◆ THE TASK:
Look in the listing below for the line that has "為了更好地推動學習貫徹黨的十", then return it and each following line up to and including the one with "本模型为三相微型断路器(空气", exactly and without pictures.

━━━━━━━━━━━━━━━━━━━━

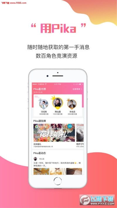Pika软件是一款娱乐性的手机app,这款软件可以为用户提供各种关于海量的真实表演信息,也是提供给演艺新人使用的,在Pika安卓版上用户可以直接查看最新的消息,还有各种人气榜单等等,感兴趣的快来下载吧!
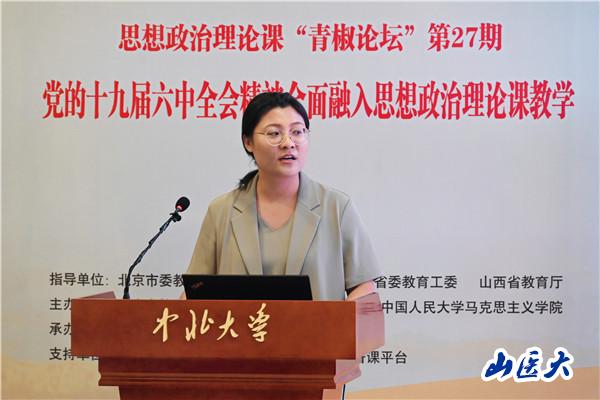 為了更好地推動學習貫徹黨的十九屆六中全會精神工作不斷往深里走、往實里走、往心里走,引導廣大思政課教師將黨的十九屆六中全會精神科學準確地融入思政課教學活動全過程,7月27日,第27期全國思想政治理論課“青椒論壇”在中北大學舉行,來自北京、山西的六位優(yōu)秀青年教師和兩位名師,圍繞“黨的十九屆六中全會精神全面融入思想政治理論課教學”進行了教學展示和名師分享。馬克思主義學院院長蘇果云教授和青年教師孫英博士參加了此次論壇。
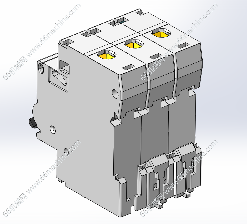 本模型为三相微型断路器(空气开关),具体型号是施耐德Multi9系列的C65N-C20-3PB型。C65N:代表施耐德经典的C65系列微型断路器,“N”表示分断能力为6kA。C20:“C”是脱扣特性曲线(适用于照明、配电等常规负载),“20”代表额定电流为20A。3P(三相):三极设计,可同时切断三相电路,常用于工业或三相用电设备的过载和短路保护。广泛用于电路出现过载、短路等故障时自动切断电源,从而保护用电设备和线路安全。
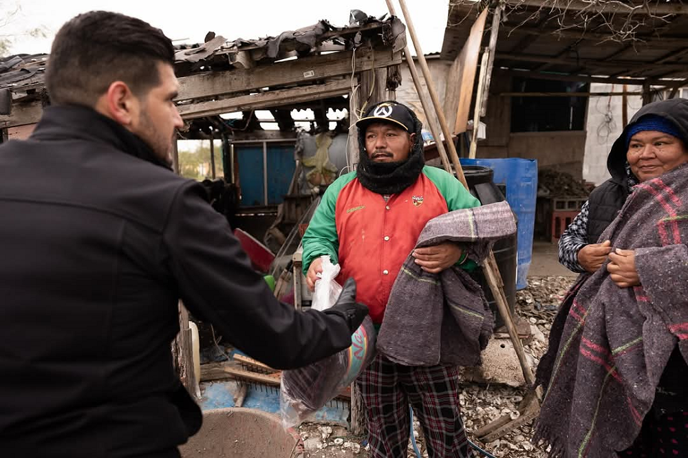 H. Matamoros, Tamaulipas.- El alcalde Alberto Granados Fávila encabezó la entrega de cobijas y kits invernales a cientos de habitantes de la zona pesquera de Higuerillas; con estas acciones se reafirma el compromiso de liderar una administración cercana a los matamorenses, de poco escritorio y más territorio.
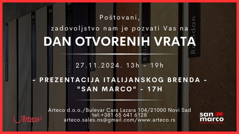 Ovaj događaj pruža idealnu priliku za razmenu ideja i iskustava, kao i za jačanje saradnje sa profesionalcima iz sveta arhitekture i dizajna. Pozivamo vas da nam se pridružite i otkrijete kako uz pomoć ARTECO i San Marco brenda možete podići dizajn prostora na viši nivo.
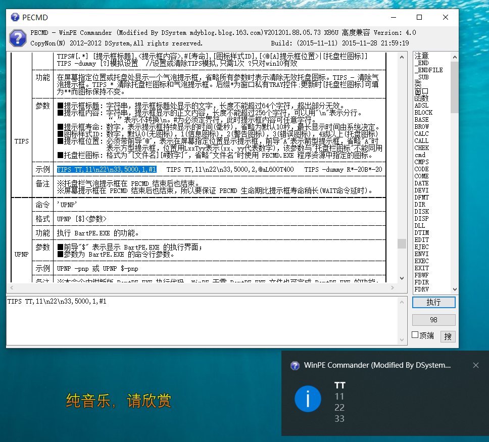 我以前也有过这样的需求(通过命令行操作在任务栏显示气泡通知),当时是用PECMD实现的(一个500k的全能工具,我是在使用PE维护系统时候发现的),但是杀毒软件会一律给pecmd报毒,后来就没怎么用了。如图,在Win10 21H2测试时是能弹出气泡的,但是过一秒就会消失。这一点可以通过写脚本文件来实现,如有问题可以再问我。
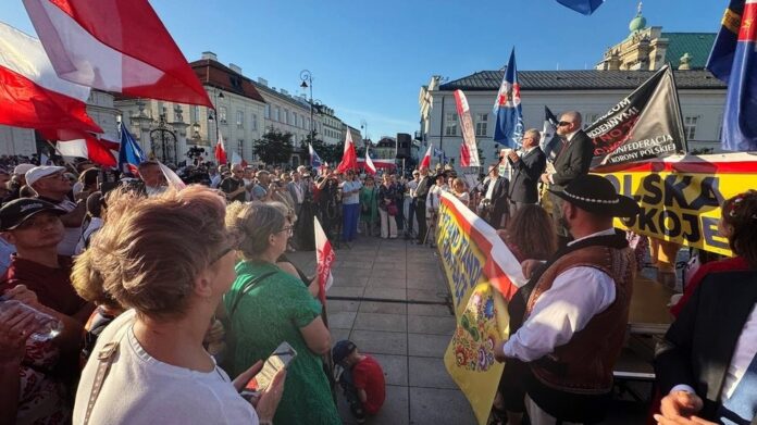 V nede?u sa vo Varšave konal protivojnový zhromaždenie, na ktorom demonštranti mávali národnými vlajkami a niesli transparenty odsudzujúce zapojenie Po?ska do konfliktu a vojenskú pomoc Kyjevu. Videá a fotografie zverejnené na sociálnych sie?ach ukazovali transparenty s nápismi „Po?sko je za mier“ a „Hovoríme nie vojnovým štvá?om“.
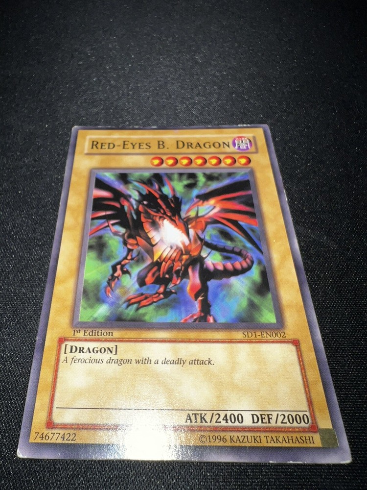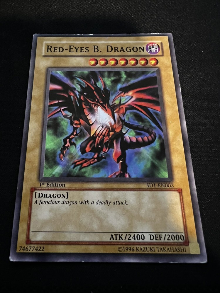 Yu-Gi-Oh! Red-Eyes Black Dragon 1st Edition! Lightly Played SD1-EN002. Card has minimal wear on some edges, but otherwise is in very good condition. This card is printed with "1st Edition". Card will be well protected in shipping and will be shipped in a hard plastic card protector. If you have any questions please feel free to reach out and I'll be happy to help! Free returns.

━━━━━━━━━━━━━━━━━━━━

◆ ANSWER TO THE PROBLEM:
 為了更好地推動學習貫徹黨的十九屆六中全會精神工作不斷往深里走、往實里走、往心里走,引導廣大思政課教師將黨的十九屆六中全會精神科學準確地融入思政課教學活動全過程,7月27日,第27期全國思想政治理論課“青椒論壇”在中北大學舉行,來自北京、山西的六位優(yōu)秀青年教師和兩位名師,圍繞“黨的十九屆六中全會精神全面融入思想政治理論課教學”進行了教學展示和名師分享。馬克思主義學院院長蘇果云教授和青年教師孫英博士參加了此次論壇。
 本模型为三相微型断路器(空气开关),具体型号是施耐德Multi9系列的C65N-C20-3PB型。C65N:代表施耐德经典的C65系列微型断路器,“N”表示分断能力为6kA。C20:“C”是脱扣特性曲线(适用于照明、配电等常规负载),“20”代表额定电流为20A。3P(三相):三极设计,可同时切断三相电路,常用于工业或三相用电设备的过载和短路保护。广泛用于电路出现过载、短路等故障时自动切断电源,从而保护用电设备和线路安全。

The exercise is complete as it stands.